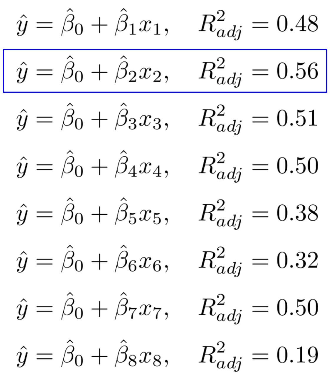 $$ \hat{y} = \hat{\beta_{0}} + \hat{\beta_{2}}x_{2}, \ \ R^{2}_{adj}=0.56 $$
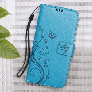 $2.04 Butterfly Flower Imprinted Leather Wallet Case Stand for Samsung Galaxy J2 Prime/Grand Prime Plus/Prime (2016) - Cyan#901513
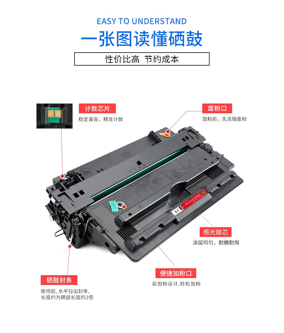 京呈适用惠普M725dn硒鼓14X墨粉M712dn碳粉盒hp700 MFP打印机CF214A墨盒粉盒/支 黑色
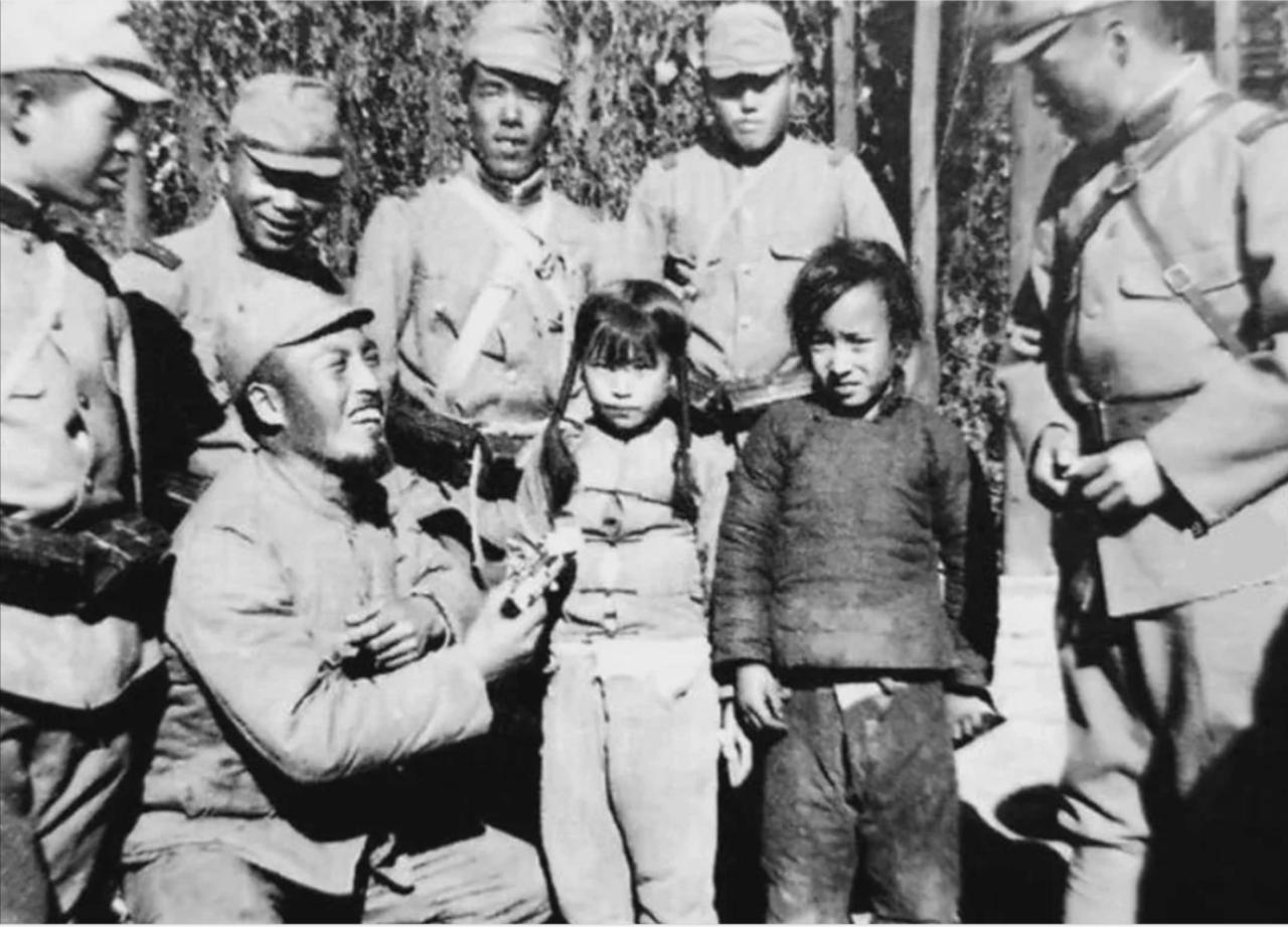 这张拍摄于1937年南京大屠杀期间的照片,画面里,几名身着军装的日本士兵环绕着两名中国儿童,孩子满脸恐惧、衣着褴褛,眼神中满是对战争的惊惧与无助。
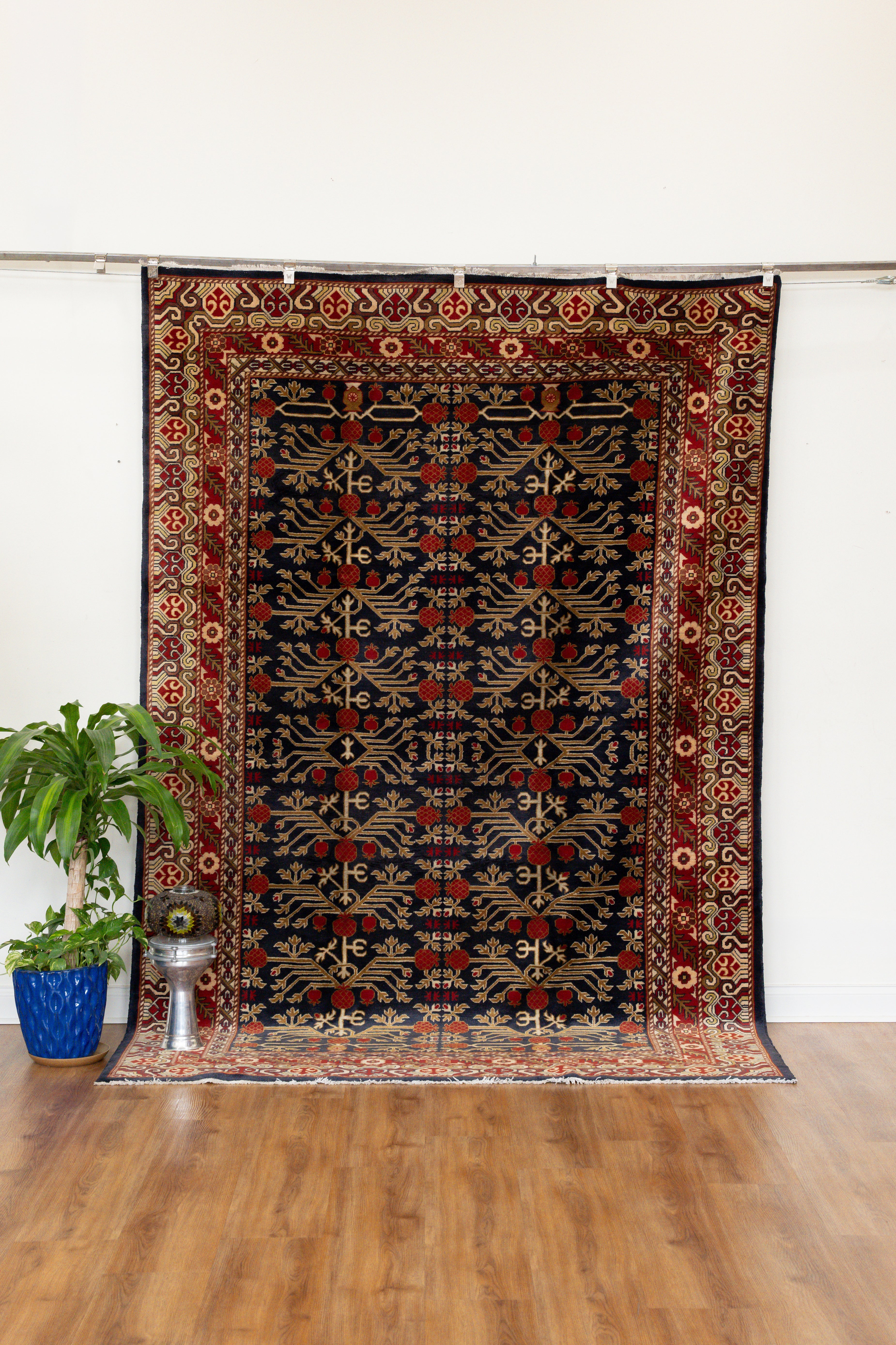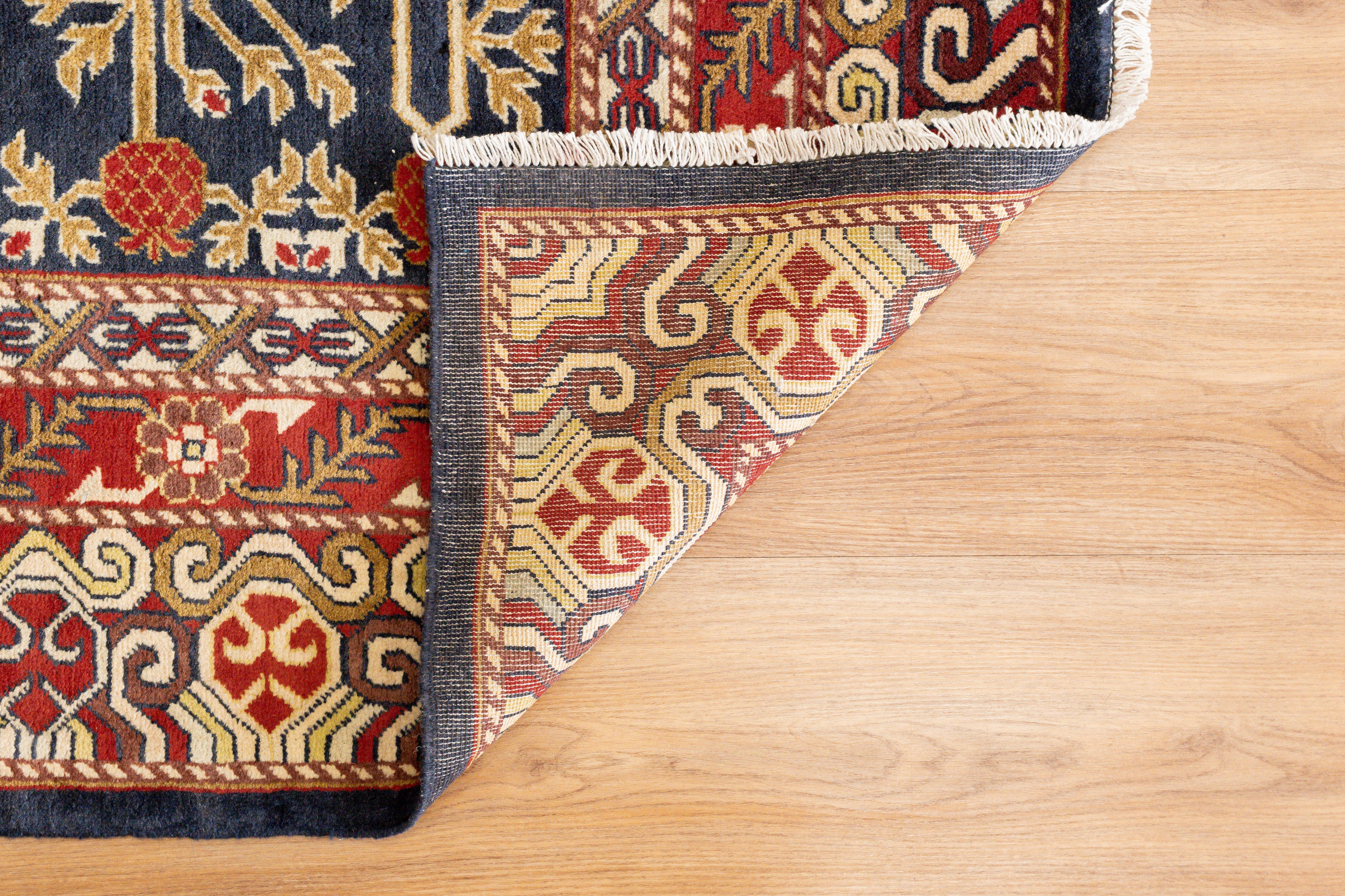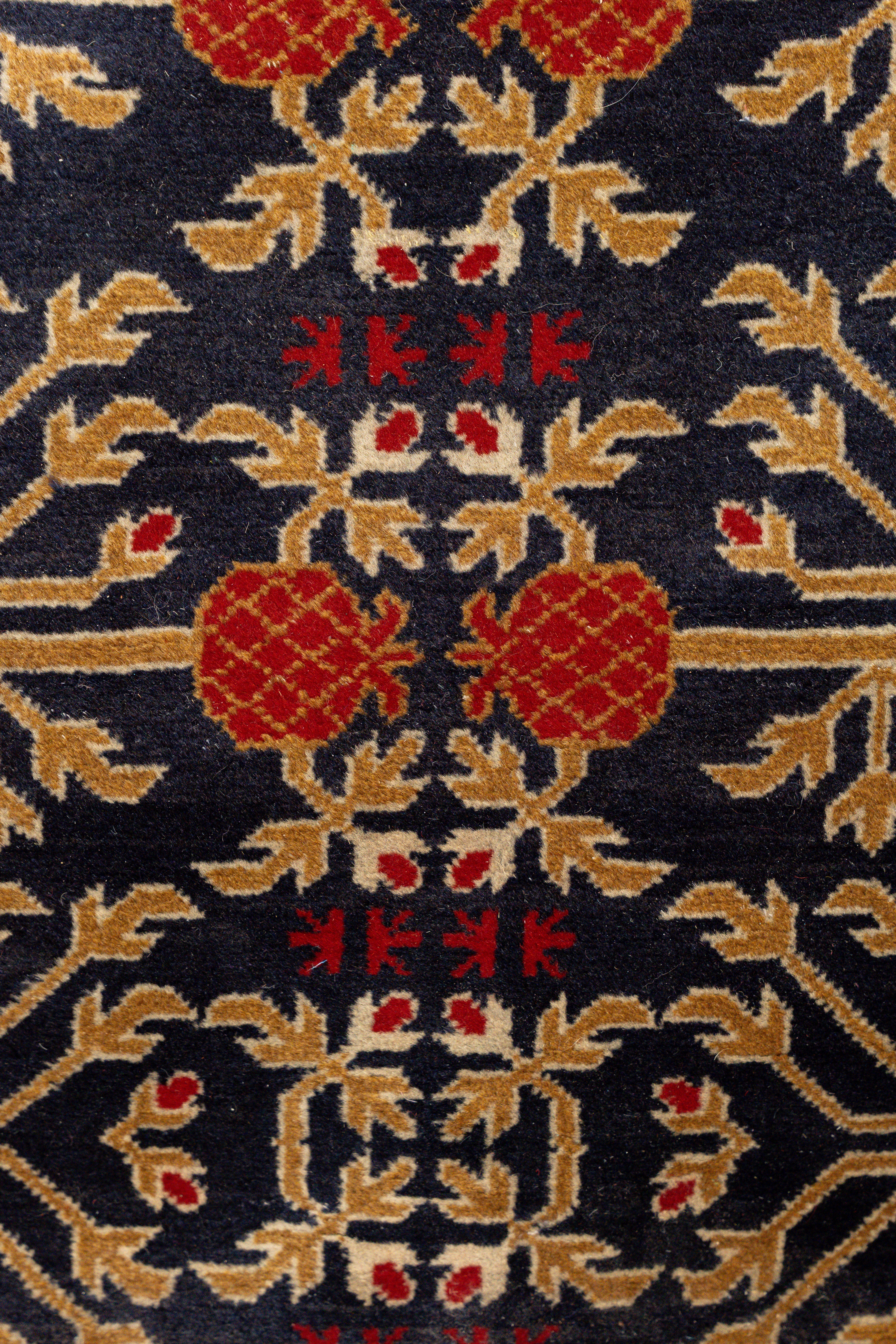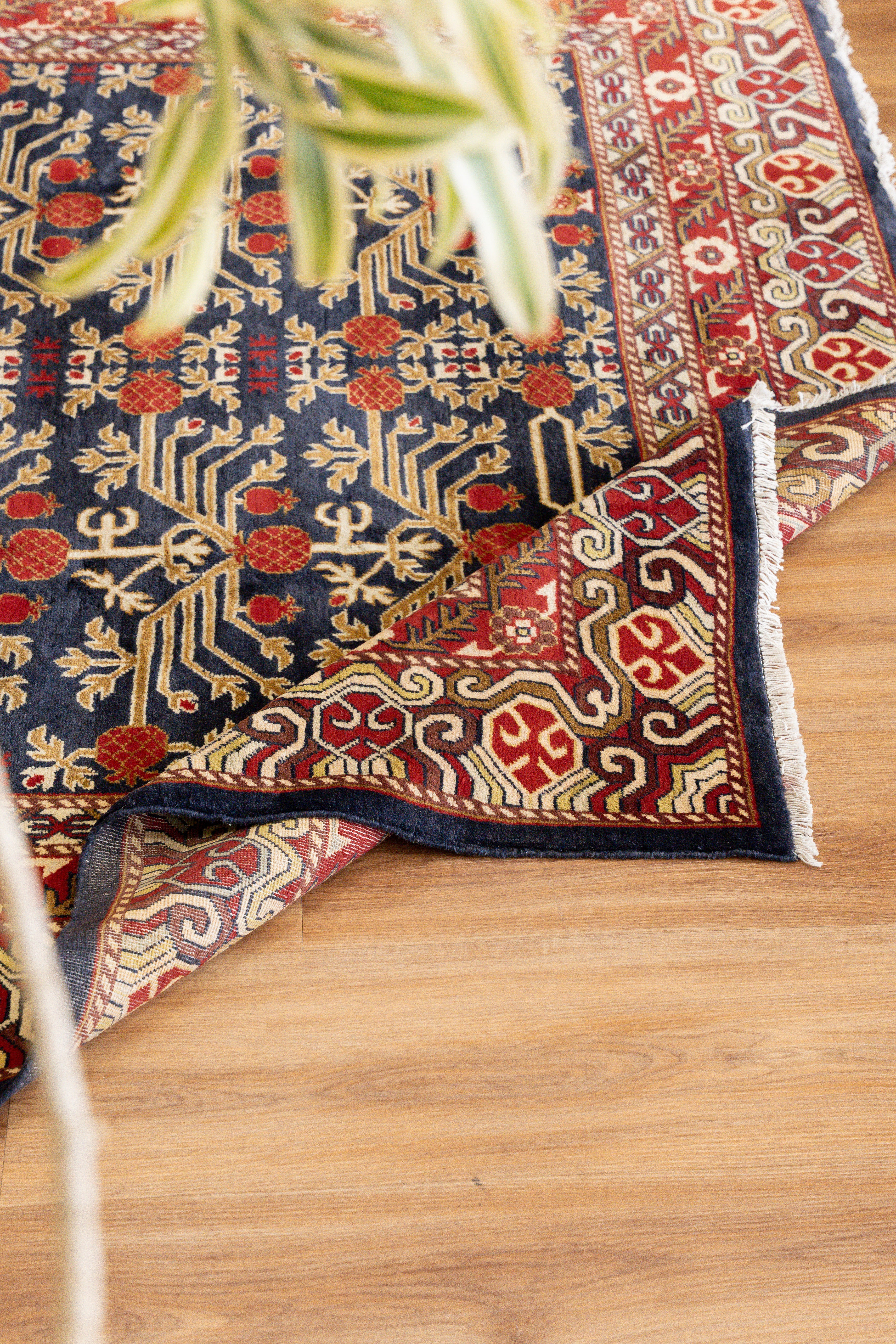 This one-of-a-kind Kurdish rug is made from cotton foundation with a 100% wool pile. Offering a soft texture, this medium-pile is woven on a deep navy blue ground. It has brown, red, tan and olive green accents that show us a repeating pomagranite pattern with leaf and floral motifs throughout. It reflects the artistry of nomadic weavers who use unique motifs to tell intricate, symbolic stories—each design unique and meaningful to its tribe. Every rug in our collection is authentic and carefully handpicked by Nedim himself.
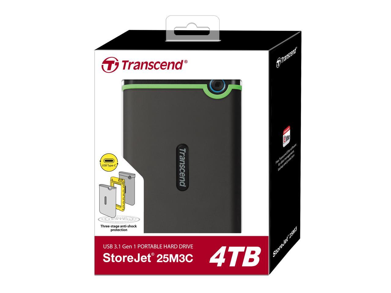 4TB Transcend USB3.1 Type-C StoreJet 25M3C 2.5-inch External Hard Drive Shock-Resistant
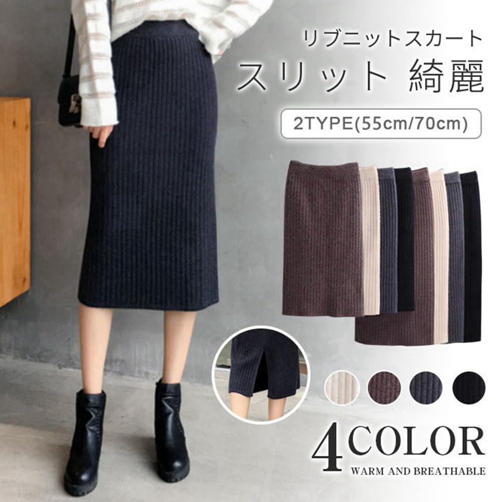 【商品名】ニットスカート レディース タイトスカート リブ スリット 膝丈 ストレッチ ミモレ丈 ボトムズ ひざ丈 ロング丈 秋 春 冬
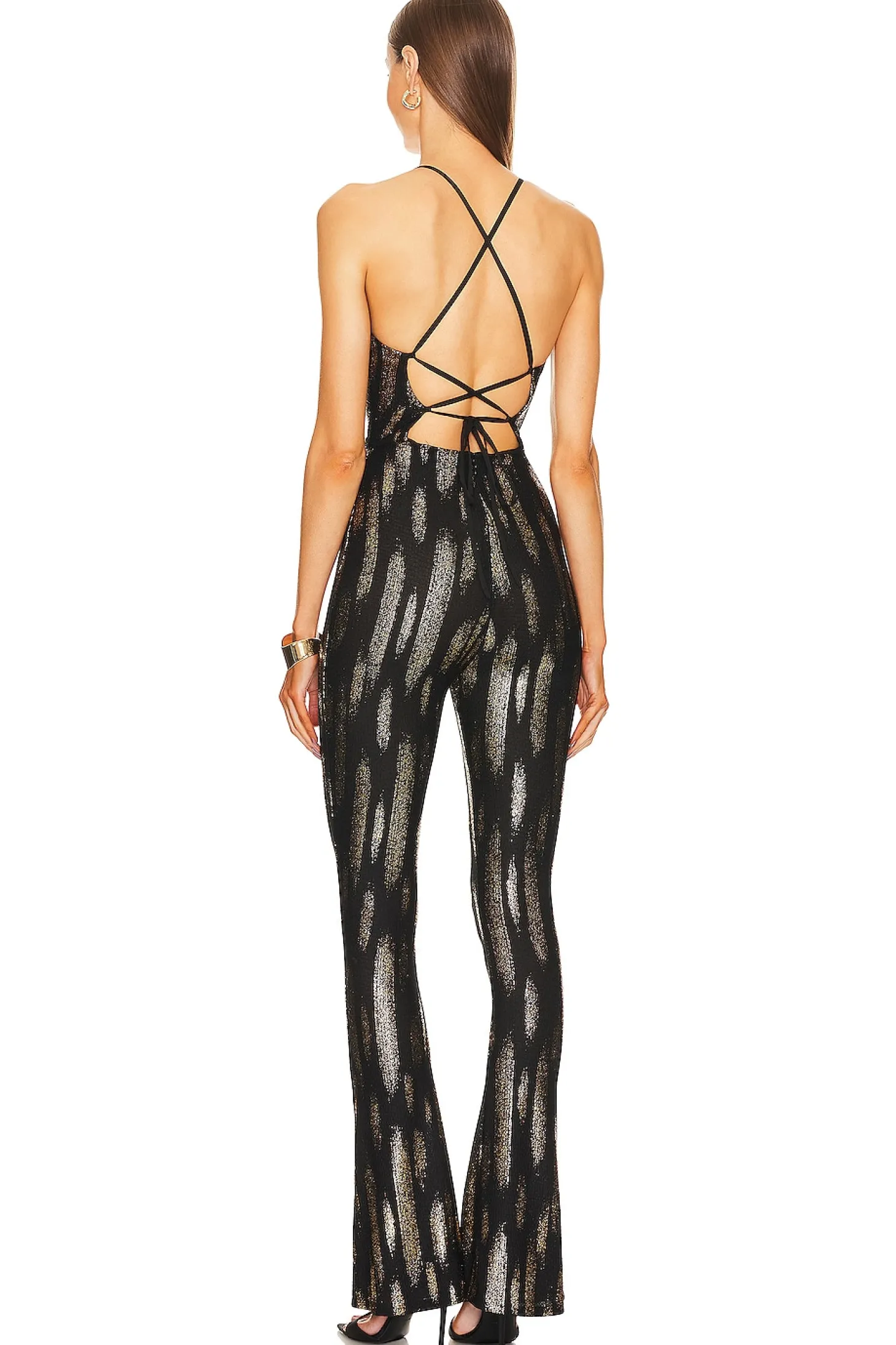 Make a statement in the Michael Costello x REVOLVE Jayne Jumpsuit in Black Gold. This jumpsuit is not just an outfit; it's a head-turning piece designed to captivate attention on every occasion. The retro-inspired flare silhouette, plunging neckline, and lace-up back add a touch of drama and sophistication, creating a stunning look that's perfect for making an entrance..Self: 95% polyester 5% spandex Lining: 92% polyester 8% spandex.Made in Philippines.Hand wash.Open back with crisscross back tie closure.Jersey fabric with gold-tone metallic threading detail throughout

--- ABOUT THIS EXERCISE ---
Copy word for word every line from the one holding "4TB Transcend USB3.1" to the end of the listing, both ends included, but do not copy any pictures.

--- RESPONSE TO THIS TASK ---
 4TB Transcend USB3.1 Type-C StoreJet 25M3C 2.5-inch External Hard Drive Shock-Resistant
 【商品名】ニットスカート レディース タイトスカート リブ スリット 膝丈 ストレッチ ミモレ丈 ボトムズ ひざ丈 ロング丈 秋 春 冬
 Make a statement in the Michael Costello x REVOLVE Jayne Jumpsuit in Black Gold. This jumpsuit is not just an outfit; it's a head-turning piece designed to captivate attention on every occasion. The retro-inspired flare silhouette, plunging neckline, and lace-up back add a touch of drama and sophistication, creating a stunning look that's perfect for making an entrance..Self: 95% polyester 5% spandex Lining: 92% polyester 8% spandex.Made in Philippines.Hand wash.Open back with crisscross back tie closure.Jersey fabric with gold-tone metallic threading detail throughout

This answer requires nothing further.